Here is a simple example:
```python
#@version ^0.3.9
@internal
def bar() -> uint256:
sss: String[2] = concat("a", "b")
return 1
@external
def foo() -> int256:
a: int256 = -1
b: uint256 = self.bar()
return a
```
`foo` should clearly return `-1`, but it returns `452312848583266388373324160190187140051835877600158453279131187530910662655`
`-1` was used intentionally due to its bit structure but the value here is fairly irelevant. In this example during the second iteration of the for loop in the `build_IR` `mload` to `dst+1` will be executed (because len('a') == 1), thus the function will write `1B` over the bounds of the buffer. The string 'b' is stored such that its right-most byte is a zero byte. So a zero byte will be written over the bounds. So when `-1` is considered it's left-most B will be overwritten to all 0. Therefore it can be seen: `452312848583266388373324160190187140051835877600158453279131187530910662655 == (2**248-1)` will output `True`.
#### IR
If we look at the contract's IR (vyper --no optimize -f ir), we see:
```
# Line 30
/* a: int256 = -1 */ [mstore, 320, -1 <-1>],
```
And for the second iteration of the loop in concat:
```
len,
[mload, arg],
[seq,
[with,
src,
[add, arg, 32],
[with,
dst,
[add, [add, 256 <concat destination>, 32], concat_ofst],
[mstore, dst, [mload, src]]]],
[set, concat_ofst, [add, concat_ofst, len]]]]],
[mstore, 256 <concat destination>, concat_ofst],
256 <concat destination>]],
```
So the address of the `int` is 320.
The `dst` is defined as: `[add, [add, 256 <concat destination>, 32], concat_ofst],`.
In the second iteration the `concat_ofst` will be 1 because `len('a)==1` so `256+32+1 = 289`. Now this address will be `mstored` to - so the last mstored B will have the address `289+32=320` which clearly overlaps with the address of the `int a`.
#### PoC 2
Due to how `immutables` are handled, they can be corrupted too:
```python
#@version ^0.3.9
i: immutable(int256)
@external
def __init__():
i = -1
s: String[2] = concat("a", "b")
@external
def foo() -> int256:
return i
```
Output of calling `foo()` = `452312848583266388373324160190187140051835877600158453279131187530910662655`.
### Impact
The buffer overflow can result in the change of semantics of the contract.
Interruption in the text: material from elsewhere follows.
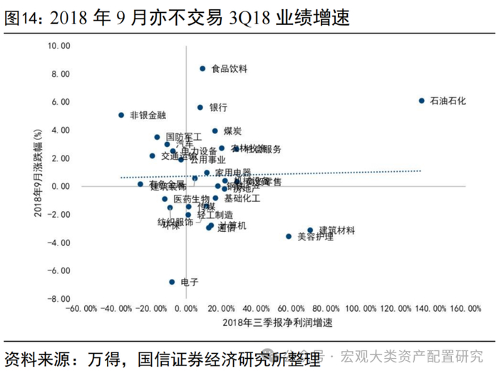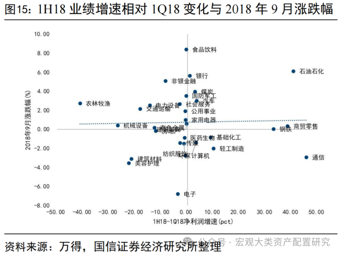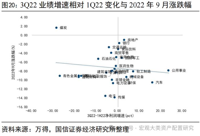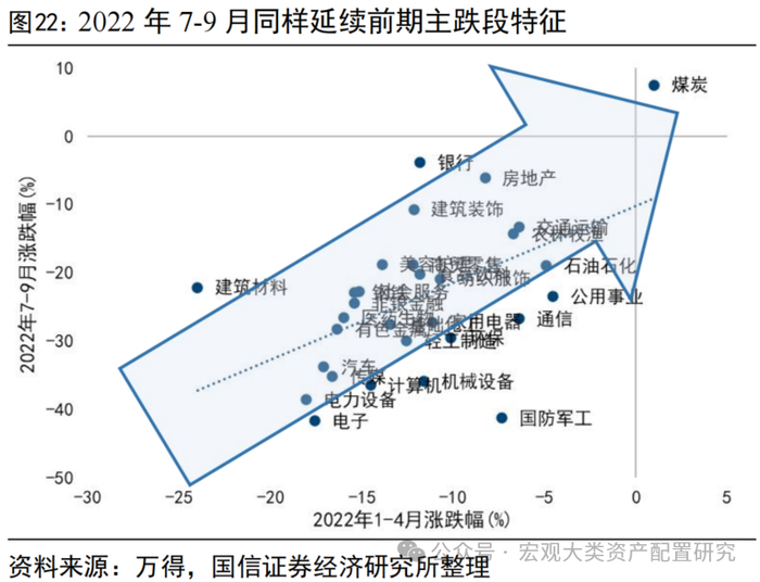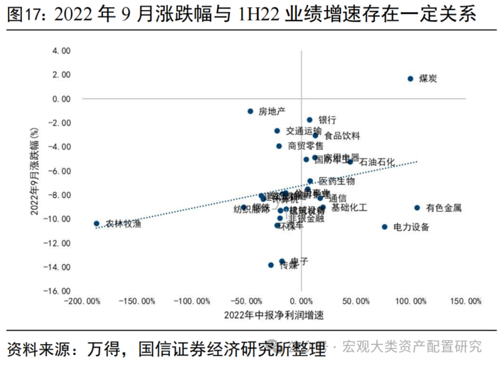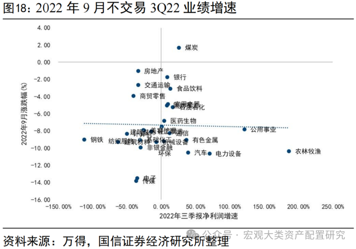 中报落地后,行业层面不交易中报增速或加速度,高低切特征不明显。我们以半年报增速、三季报单季度增速、一到三季度季累增速相对中报的边际变化、中报相对一季报的边际变化四个口径,对中报季结束后的一个月各行业涨跌幅进行验证,不难发现除了剔除社服和农业后2022年9月的涨幅与1H22的业绩增速存在一定正相关关系外,其余口径相关性不明显。即中报落地后,行业层面既不交易增速、也不交易“加速度”。从一级行业层面看,2018年4-8月经历了一轮较为明显的加速下跌,9月反弹,但整体延续前期主跌段特征,全年维度在去杠杆和信用利差提升的背景下,现金流稳定、资产负债率低的公司强者恒强。类似地,2022年在5-6月反弹结束后,7月起市场重回下跌通道,从各行业表现情况看,全年下跌区段内的一致性特征较强,1-4月和7-9月占优的均为煤炭、银行、地产、交运等,成长类资产承压更显著。

The overflow is length-dependent and thus it might go unnoticed during contract testing.
However, certainly not all usages of `concat` will result in overwritten valid data as we require it to be in an `internal` function and close to the `return` statement where other memory allocations don't occur.
### Concluding remarks
The bug based on the fast path in `copy_bytes` was likely introduced in: `548d35d720fb6fd8efbdc0ce525bed259a73f0b9`. `git bisect` was used between v0.3.1 and v0.3.2, `forge test` was run and the test asserted that the function indeed returns -1.
For the general case, `0.3.0` and `0.3.1` are also affected.